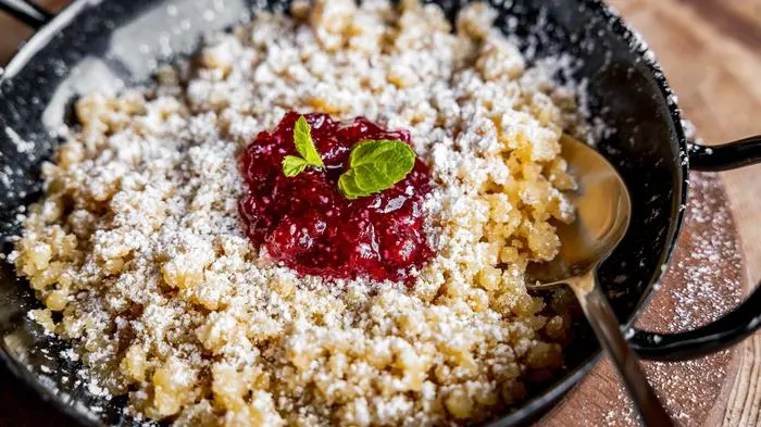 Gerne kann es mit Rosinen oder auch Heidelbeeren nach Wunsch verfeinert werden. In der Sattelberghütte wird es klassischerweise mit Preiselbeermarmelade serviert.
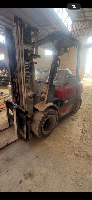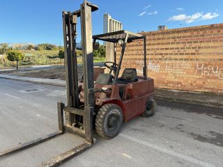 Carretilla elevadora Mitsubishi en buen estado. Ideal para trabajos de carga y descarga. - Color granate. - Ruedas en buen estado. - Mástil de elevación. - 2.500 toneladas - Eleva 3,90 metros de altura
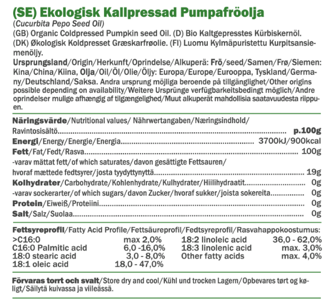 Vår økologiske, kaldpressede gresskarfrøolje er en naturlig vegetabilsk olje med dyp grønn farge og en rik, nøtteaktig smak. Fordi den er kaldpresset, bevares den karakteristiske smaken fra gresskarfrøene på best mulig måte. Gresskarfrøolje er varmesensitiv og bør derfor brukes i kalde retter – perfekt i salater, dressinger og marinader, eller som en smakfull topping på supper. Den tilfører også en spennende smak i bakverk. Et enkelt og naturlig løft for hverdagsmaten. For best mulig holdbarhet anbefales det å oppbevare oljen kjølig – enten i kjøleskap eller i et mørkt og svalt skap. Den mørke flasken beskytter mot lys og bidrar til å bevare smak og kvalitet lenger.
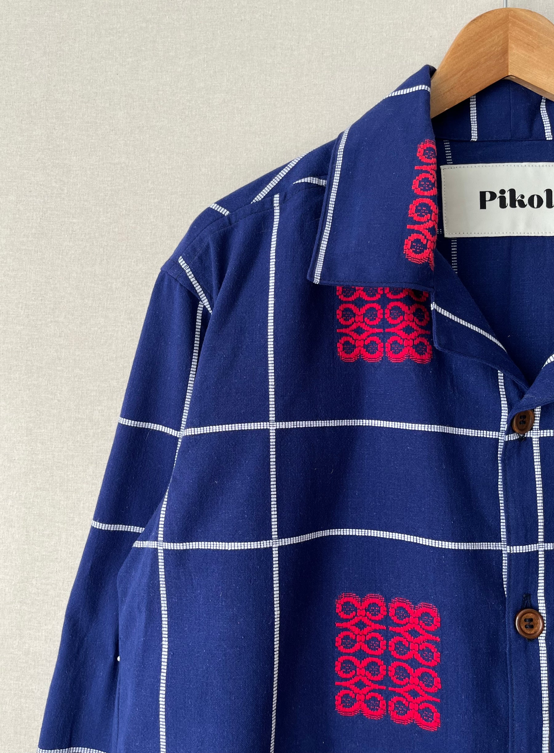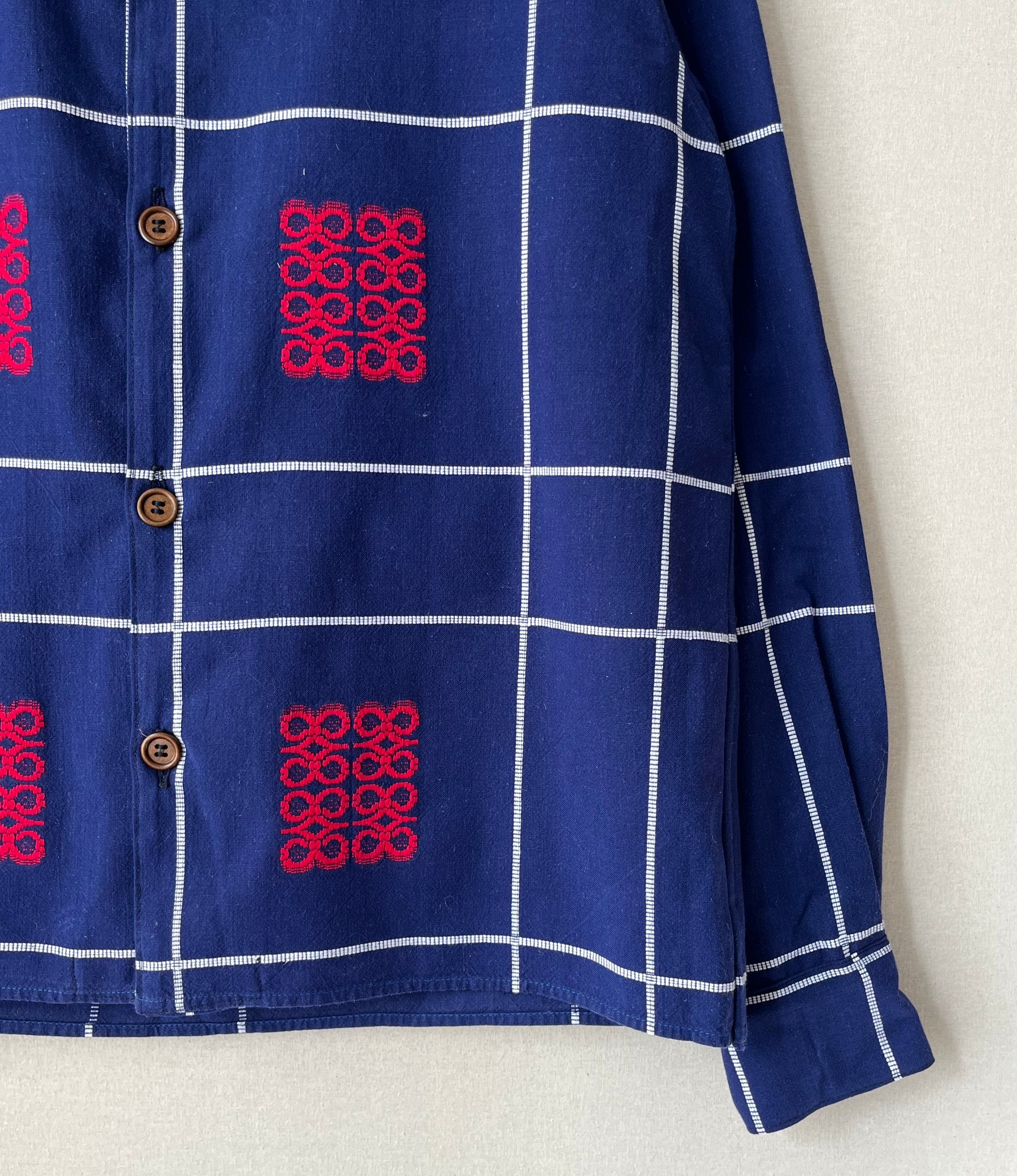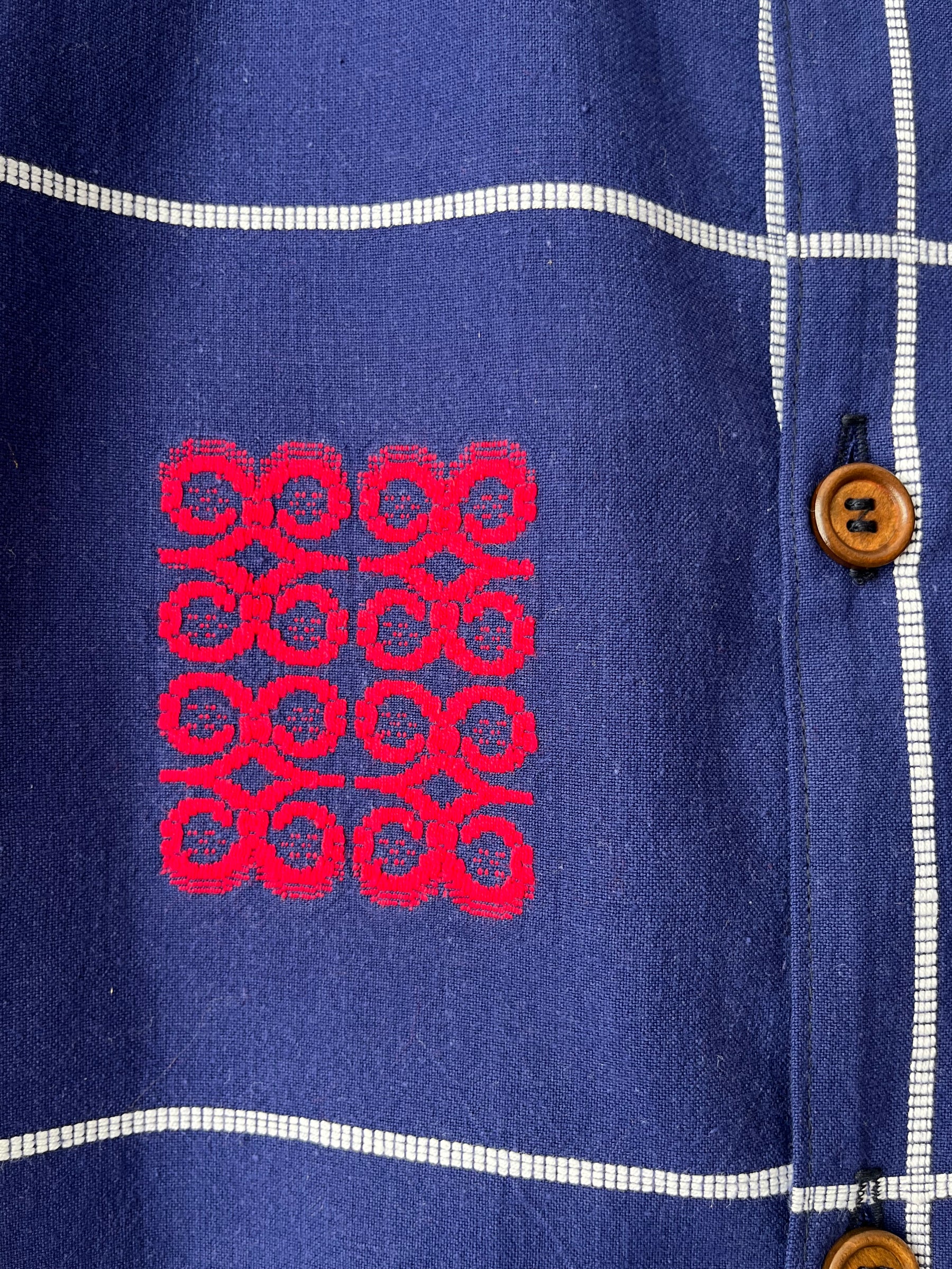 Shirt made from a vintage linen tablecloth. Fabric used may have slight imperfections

********************

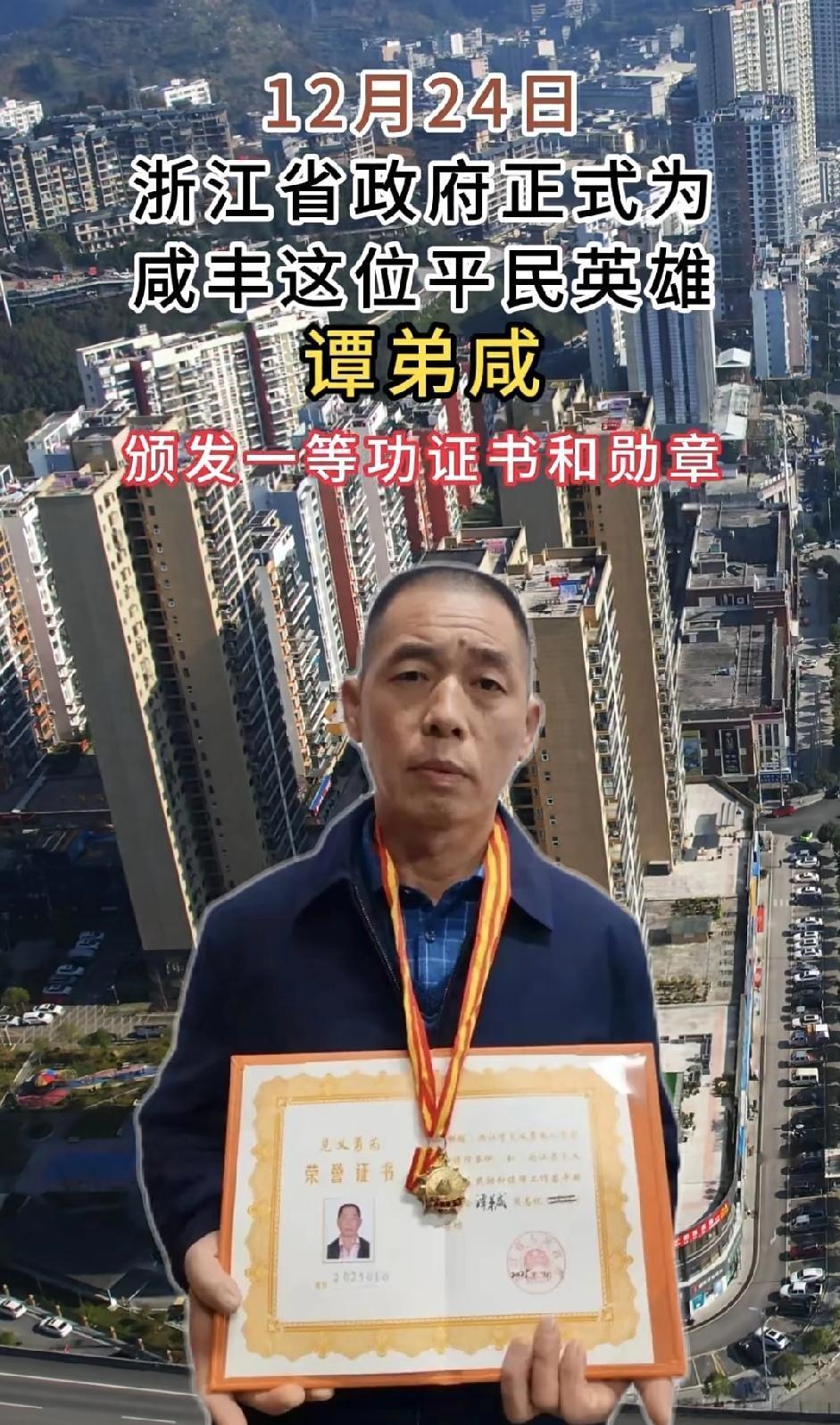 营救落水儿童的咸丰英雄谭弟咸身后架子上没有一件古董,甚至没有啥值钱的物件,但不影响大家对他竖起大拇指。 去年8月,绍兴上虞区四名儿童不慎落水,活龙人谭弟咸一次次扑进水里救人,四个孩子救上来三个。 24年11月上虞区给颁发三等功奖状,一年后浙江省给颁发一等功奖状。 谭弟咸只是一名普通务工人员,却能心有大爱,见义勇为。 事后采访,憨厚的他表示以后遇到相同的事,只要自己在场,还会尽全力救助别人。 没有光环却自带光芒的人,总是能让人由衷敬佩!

********************

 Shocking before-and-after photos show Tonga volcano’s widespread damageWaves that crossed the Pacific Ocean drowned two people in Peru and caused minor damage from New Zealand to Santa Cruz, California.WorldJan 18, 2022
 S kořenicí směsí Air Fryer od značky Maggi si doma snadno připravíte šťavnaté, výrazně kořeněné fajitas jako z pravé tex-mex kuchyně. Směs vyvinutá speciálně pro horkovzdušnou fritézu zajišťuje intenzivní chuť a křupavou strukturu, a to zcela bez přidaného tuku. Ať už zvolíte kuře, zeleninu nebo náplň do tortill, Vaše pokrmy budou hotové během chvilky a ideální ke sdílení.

********************

◆ **PROMPT**
Starting with the line above that holds "Gerne kann es", restate each line word for word up to and including the line that holds "Carretilla elevadora Mitsubishi". Drop the pictures.

◆ **TASK SOLUTION**
 Gerne kann es mit Rosinen oder auch Heidelbeeren nach Wunsch verfeinert werden. In der Sattelberghütte wird es klassischerweise mit Preiselbeermarmelade serviert.
 Carretilla elevadora Mitsubishi en buen estado. Ideal para trabajos de carga y descarga. - Color granate. - Ruedas en buen estado. - Mástil de elevación. - 2.500 toneladas - Eleva 3,90 metros de altura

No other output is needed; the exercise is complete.